You are not a space between buildings,
         not wind tunnel or porthole
through which the indigent cat slips in and out of its coma.

You aren't the hermetic door with its back to the street,
         You are not the center.
You are not the interruption of the window

surprising the postman as he skips the tin mailbox once more.
          Every person in this house has died.
You buried your mother with a plum pit in her throat...

This poem is merciful.  Gonzalez allows the narrator of the poem acknowledges his own failure in his need to "capture" Lizzie Borden.  Gender is but only one of ways Gonzalez does this, creating a wonderful, peculiar jitteriness

You are not the dress
       that opens from the outside like an iron gate,
you're not the stupid woman
  
with her finger shoved inside her mouth.
       When she goes up in flames
she will melt into the fruit bowl.

You are not the fire, you are not the bowl.
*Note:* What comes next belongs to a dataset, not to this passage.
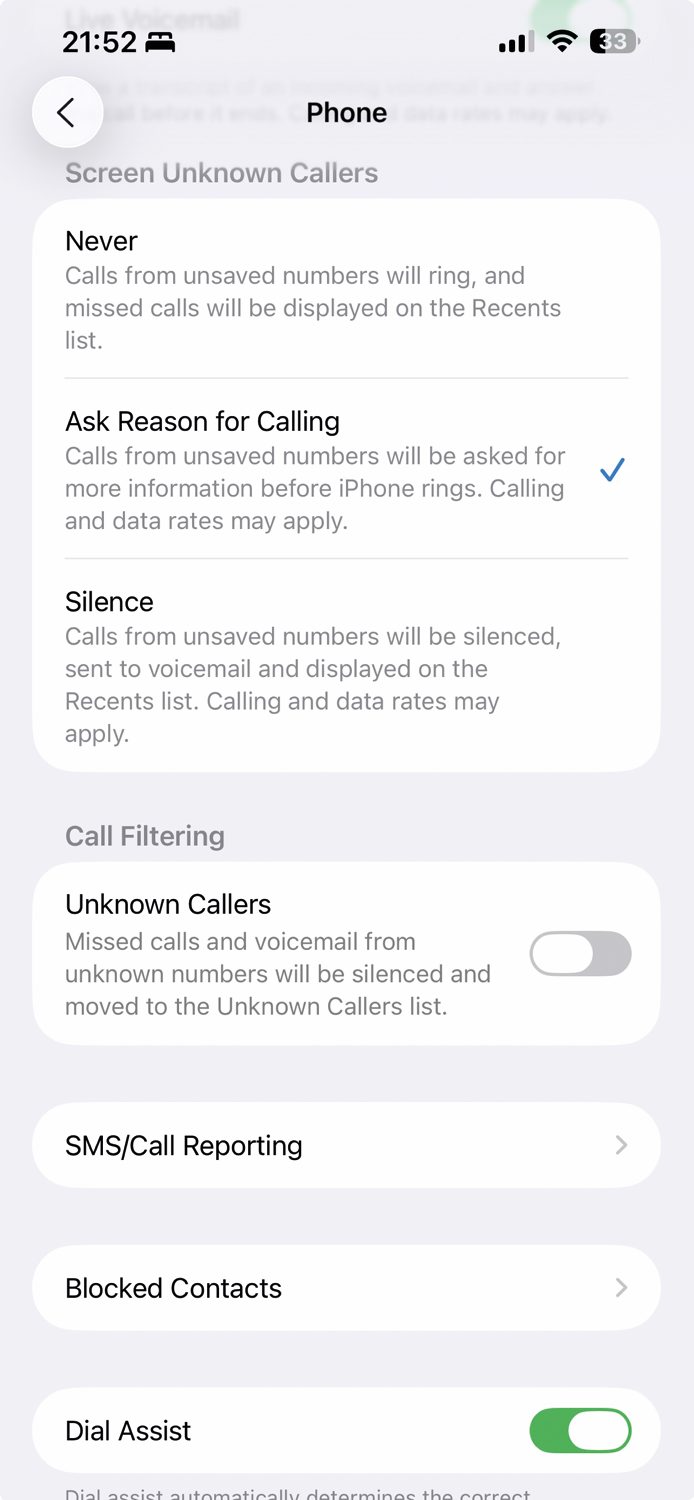 Nova zaščita pred nadležnimi klici ni vezana na jabolčno inteligenco in si jo lahko omislimo tudi na starejših telefonih. Gre za funkcijo Ask Reason for Calling, ki deluje kot digitalni vratar. Ko nas pokliče številka, ki ni v shranjenih stikih, se vključi pomočnici Siri podoben glas, ki samodejno sprejme klic in klicatelja prosi, da pove svoje ime in razlog klica. Sami medtem na zaslonu vidimo prepis njunega pogovora in se lahko odločimo, da klic sprejmemo, odgovorimo nanj s sporočilom ali ga zavrnemo. Tovrstno uslužnost si omislimo z nastavitvijo Settings / Apps / Phone / Screen Unknown Callers / Ask Reason for Calling. Če nastavitve sprva ne vidimo, preverimo, ali sta ustrezno nastavljena regija in jezik pod Settings / General / Language & Region. Nastavimo ju na English ter United Kingdom in zadeva bi morala delovati. Zmožnost predstavlja zlato sredino med popolno blokado neznanih klicev ter stoodstotno dostopnostjo za vse klicatelje. Primerna je za vse, ki si želimo več nadzora brez strahu, da bi spregledali pomembne klice.

There's what I like to call a discursive lyricism operating in Gonzalez's poems.  Although the poems are long-lined (at least much more so than in his last book, Fugitives and Other Strangers), Gonzalez interweaves just the right amount of figurative language with a necessary talkiness in the speech of these tragic personaes..  To limit, as Ai did, your characters' speech into "chopped" prose, isn't fair--they deserve the space, a large enough space, to explore their thoughts, motivations behind their unsavory actions.  Paradoxically, as the personae of Marisol in "The Mortician's Bride Says I'm Yours" says, "Sound is death because it's /irretrievable and every time I speak I die a little more."

If it wasn't sacrilegious to insist, I would say that through the splendor of Gonzalez's poems, he allows them to live once again in every delicate, precarious way they deserve.

Rigoberto Gonzalez's Black Blossoms is available for purchase at Four Way Books.

1 comment:

  1. Thanks for this excellent review, Steve. I will definitely have to check this out. Ai was one of my major inspirations in undergraduate school, one of the few poets I was compelled to read in full. Rigoberto Gonzalez appears to have digested Ai as an influence and transcended it. I'm definitely getting this book.